Note that there’s one more interesting thing happening here. The added instance was an N1 instance, which can feature attachable GPUs. So, the CAST AI autoscaler found the cheapest GPU for the N1 instance and created a node with an attached GPU.

You can find the GPU and instance info on the node labels. In this case, it’s here:

Labels:
   node.kubernetes.io/instance-type=n1-standard-1
   nvidia.com/gpu=true
   nvidia.com/gpu.count=2
   nvidia.com/gpu.memory=30516
   nvidia.com/gpu.name=nvidia-tesla-t4

4. Verification.

The previous examples show a container that is able to connect to the CUDA context but doesn’t actually do any work. Instead of using that image, let’s use an image that tries to do some work and verify that the pod is able to use the GPU resource.

To do that, let’s modify the original yaml to use a GPU test image:

apiVersion: apps/v1
kind: Deployment
metadata:
 name: cast-ai-gpu-test
 labels:
   app: cast-ai-gpu-test
spec:
 replicas: 1
 selector:
   matchLabels:
     app: cast-ai-gpu-test
 template:
   metadata:
     labels:
       app: cast-ai-gpu-test
   spec:
     tolerations:
     - key: "nvidia.com/gpu"
       operator: Exists
     containers:
     - name: my-gpu-container
       image: "k8s.gcr.io/cuda-vector-add:v0.1"
       resources:
           requests:
               nvidia.com/gpu: 1
           limits:
               nvidia.com/gpu: 1

After a few seconds, we should see that the pod is in a completed state:

❯ kubectl get po
NAME                                READY   STATUS             RESTARTS       AGE
cast-ai-gpu-test-84cbbf4b75-5h8xc   0/1     Completed          0              20s

To verify that it worked, you can check the logs of the pod itself:

❯ kubectl logs cast-ai-gpu-test-84cbbf4b75-5h8xc
[Vector addition of 50000 elements]
Copy input data from the host memory to the CUDA device
CUDA kernel launch with 196 blocks of 256 threads
Copy output data from the CUDA device to the host memory
Test PASSED
Done

GPU customization

The examples I showed here demonstrate how to leverage any GPU that was the cheapest at the time of creating an instance. But in some cases, you may want to use specific GPUs for your workloads.
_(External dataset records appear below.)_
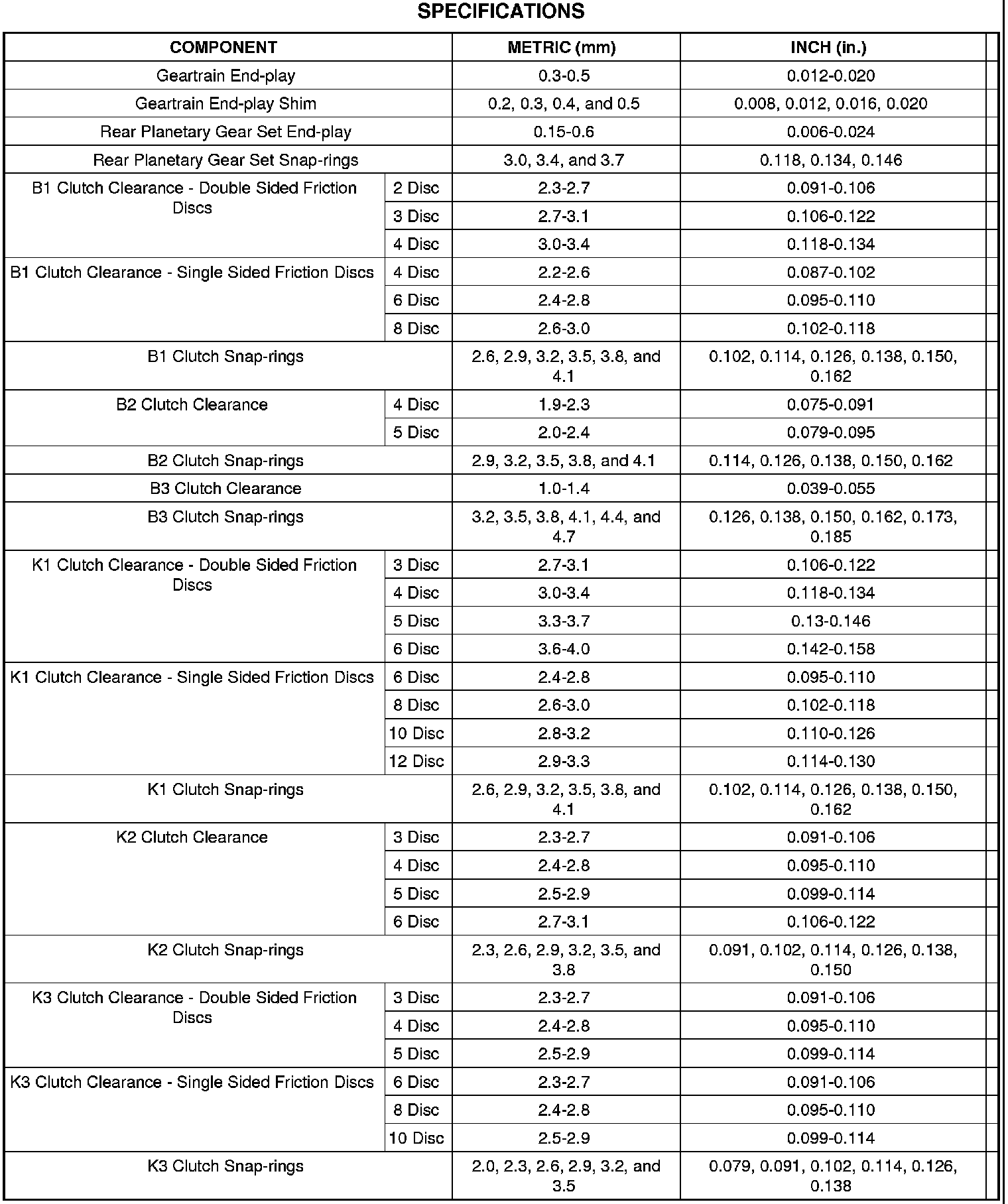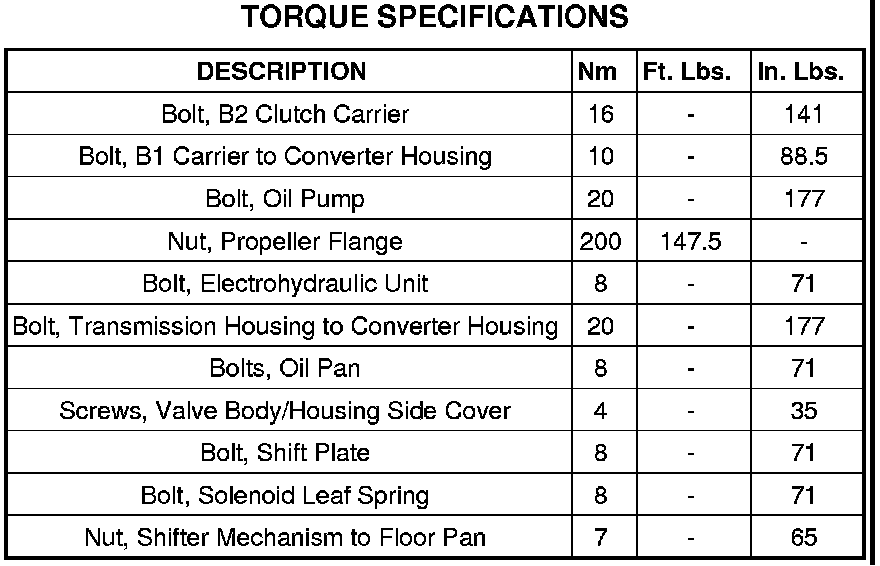 Home >> Chrysler >> 2008 >> Crossfire V6-3.2L >> Repair and Diagnosis >> Specifications >> Mechanical Specifications >> Automatic Transmission/Transaxle >> System Specifications
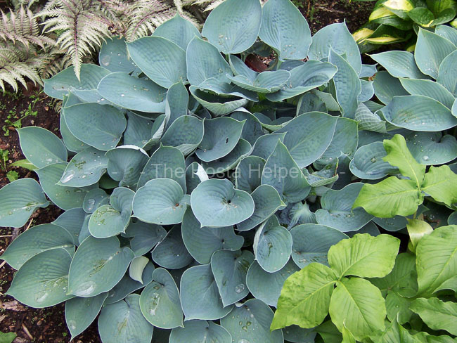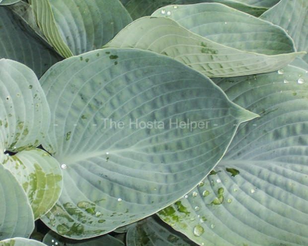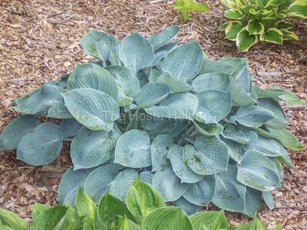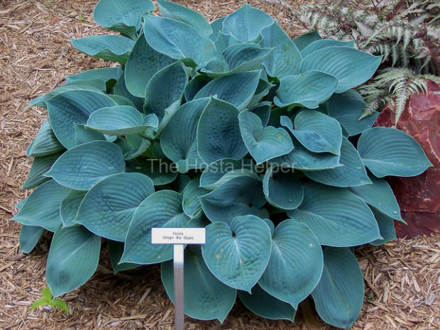 In size and physical characteristics, slightly larger than ‘Halcyon’ (3’ wide) with very lightly puckered heart-shaped leaves.  ‘Blue Challenger’ needs some afternoon shade to preserve its frosty blue, blue color. Parentage: 'Halcyon' X OP
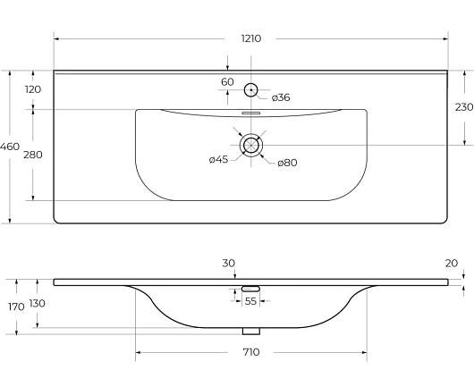 Мебельная раковина 121/46 BB-8099-120
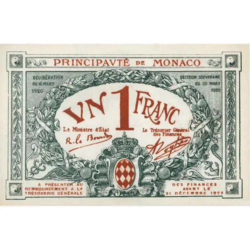 PRINCIPAUTÉ DE MONACO Délibération du 16 mars 1920 Décision souveraine du 20 mars 1920 UN 1 FRANC Le Ministre d’Etat R. le Bourdon Le Trésorier Général des Finances A.Noghès A PRÉSENTER AU REMBOURSEMENT A LA TRESORERIE GENERALE DES FINANCES AVANT LE 31 DÉCEMBRE 1922 |
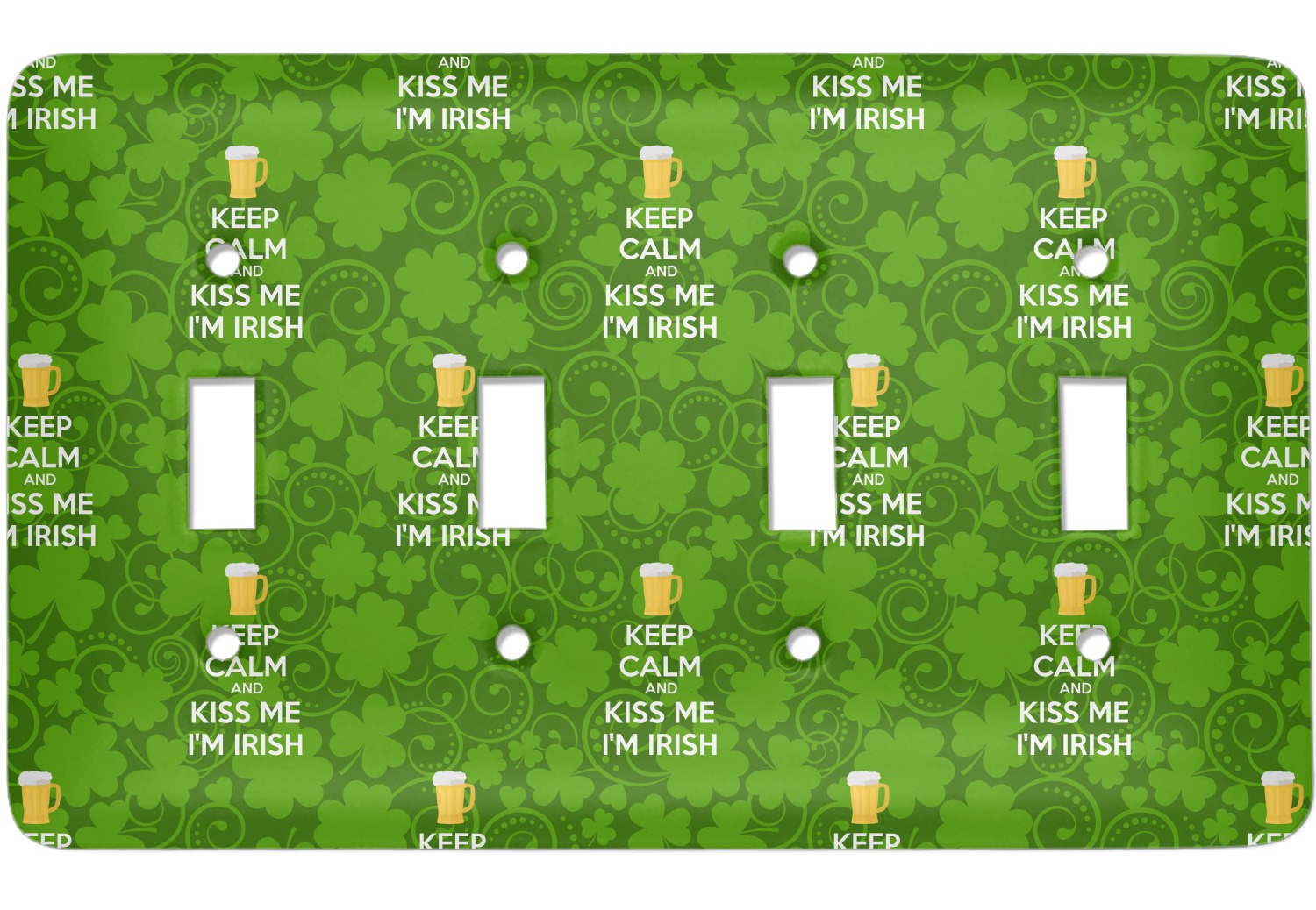 This lucky design is mostly bright green. The background has a lighter green and a darker green making up a background of clovers and swirls. The foreground is a fun phrase that says "Keep calm and kiss me I'm Irish." A fun beer graphic sits above this. You can easily personalize this phrase as well as the graphic above to be whatever you like.

There are multiple ways of going about this:

1. Specify an additional node selector or node affinity for the specific GPU device on your pod. We can modify the previous deployment manifest to have this:

apiVersion: apps/v1
kind: Deployment
metadata:
 name: cast-ai-gpu-test
 labels:
   app: cast-ai-gpu-test
spec:
 replicas: 1
 selector:
   matchLabels:
     app: cast-ai-gpu-test
 template:
   metadata:
     labels:
       app: cast-ai-gpu-test
   spec:
     nodeSelector:
       nvidia.com/gpu.name: "nvidia-tesla-t4"
     tolerations:
     - key: "nvidia.com/gpu"
       operator: Exists
     containers:
     - name: my-gpu-container
       image: "k8s.gcr.io/cuda-vector-add:v0.1"
       resources:
           requests:
               nvidia.com/gpu: 1
           limits:
               nvidia.com/gpu: 1

This way, only that specific GPU will be used. 

If multiple GPU types are suitable for a given workload, we can use the multi-value affinity to choose the cheapest one at the time.

...
   spec:
     affinity:
       nodeAffinity:
         requiredDuringSchedulingIgnoredDuringExecution:
           nodeSelectorTerms:
           - matchExpressions:
             - key: nvidia.com/gpu.name
               operator: In
               values:
               - nvidia-tesla-a100
               - nvidia-tesla-t4  
               - nvidia-tesla-p100
               - nvidia-tesla-p4
...

 2. Custom node templates are another important point.

Think of node templates as a CAST AI virtual node pool. The actual node pool is always the same, but it can provide logical separation for your workloads. 

In the previous examples, we used the default template. 

Let’s create a custom one to add constraints there instead of our pod specification. To create a template, go to Autoscaler -> Node Templates -> Add New Template in the UI.

We can give the template a name, for example, `gpu-template`. Then we can select the `GPU-enabled instances only` checkbox. 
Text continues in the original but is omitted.